斯尼登点头称是,但紧接着,他又盯着塞克斯顿参议员问道:“先生,我可以问一下,您和令爱是怎样处理你们之间的兴趣冲突的吗?”
“冲突?”塞克斯顿参议员歪着头,一脸茫然无辜地问道,“你指的是什么冲突?”
雷切尔翻了翻眼皮,为她父亲的言行做了个鬼脸。她完全清楚记者的言下所指。该死的记者!她心里想。这帮家伙有一半人吃的都是政治饭。这个记者的问题就是平时那帮采访人所说的“葡萄柚”——一个貌似刁难、实则对参议员极为有利的他已经准备好了台词的问题——是她的父亲叫人故意给他放的高球,然后他一下子把这球打出场地,最后博得个满堂彩。
“这个,先生”斯尼登轻咳了一声,做出难为情的样子说,“这个冲突就是令爱在为您的竞选对手效力。”
塞克斯顿参议员的态度立刻和缓起来,他爽声笑道:“拉尔夫,首先,总统和我不是对手。我们只不过是两个对于怎样管理我们所热爱的这个国家持不同政见的爱国者。”
那记者脸上立刻露出欣慰之色,抬高了声音问道:“那其次呢?”
“其次,我的女儿并不是受雇于总统,她是受雇于情报部门。她把情报汇编起来,然后呈给白宫。这是个很低的职位。”塞克斯顿参议员顿了顿,看了看雷切尔接着说道,“事实上,亲爱的,我想你连总统都没见过,是这样吗?”
雷切尔瞪起了眼睛,怒气冲冲。
这时,她的传呼机又尖声叫了起来,雷切尔这才将目光转移到液晶显示屏的信息上。
——RPRT DIRNRO STAT——
雷切尔立刻破译了短信,不由得蹙起了双眉。这个信息出乎她的预料,基本上可以肯定是个坏消息,但她总算找到了脱身的理由。
“先生们,”她说,“我真是极不情愿,但不得不告辞。我得赶去上班了。”
“塞克斯顿女士,”那记者赶紧说道,“我不知道您是否能回答我一个问题再走。有传言说您今天约令尊共进早餐就是讨论辞去现在的工作来帮助父亲竞选一事的可能性,您能否发表一下看法?”
雷切尔感到像是被人往脸上泼了一杯滚烫的咖啡似的。这问题使雷切尔完全措手不及。她看了看父亲,从他那得意的笑容里,雷切尔觉察到这个问题是早有预谋的。她真想跃过餐桌一叉子给他戳过去。

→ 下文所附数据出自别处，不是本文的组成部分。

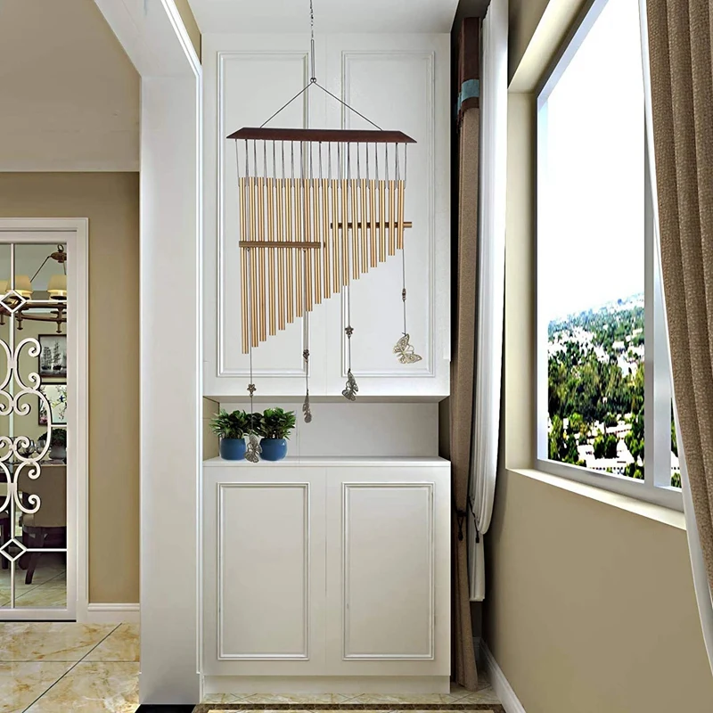 Общая длина составляет 29 дюймов, ширина составляет 12 дюймов, длина 20 медного цвета алюминиевые трубы 4,4 до 11 дюймов, и бабочки ветра Ловца 1,6 дюйм (ов). Это средний размер колокольчика ветра, подходит для большинства помещений.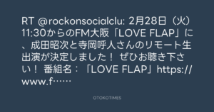 RT @rockonsocialclu: 2月28日(火)11:30からのFM大阪「LOVE FLAP」に、成田昭次と寺岡呼人さんのリモート生出演が決定しました!

那记者把录音机推到雷切尔的面前追问道:“说说吧,塞克斯顿小姐?”
雷切尔看也没看他。“拉尔夫,或者不管他妈的你是什么东西,你听好了:我没有任何放弃我现在的工作并为塞克斯顿参议员效力的打算。你要是想发表与此相反的话,你得弄一个鞋拔把那个录音机从你的屁眼儿里挖出来。”
那记者惊得目瞪口呆。他咔哒一声关了录音机,掩饰着脸上的笑意道:“谢谢二位。”然后就消失了。
雷切尔立即后悔自己的失态。她继承了父亲的脾气,为此,她恨自己的父亲。顺顺气,雷切尔,好好顺顺气。
塞克斯顿参议员颇为不满地瞪着她说:“你应该学会心平气和。”
雷切尔一边收拾自己的东西一边说道:“早餐会到此结束。”
显然,参议员也只能就此结束了。他拿出手机准备打电话,一边说道:“再见,宝贝儿,最近哪天得闲了就到我办公室来走走,看看我。 还有,看在上帝的份上,结婚吧。你都三十三岁了。”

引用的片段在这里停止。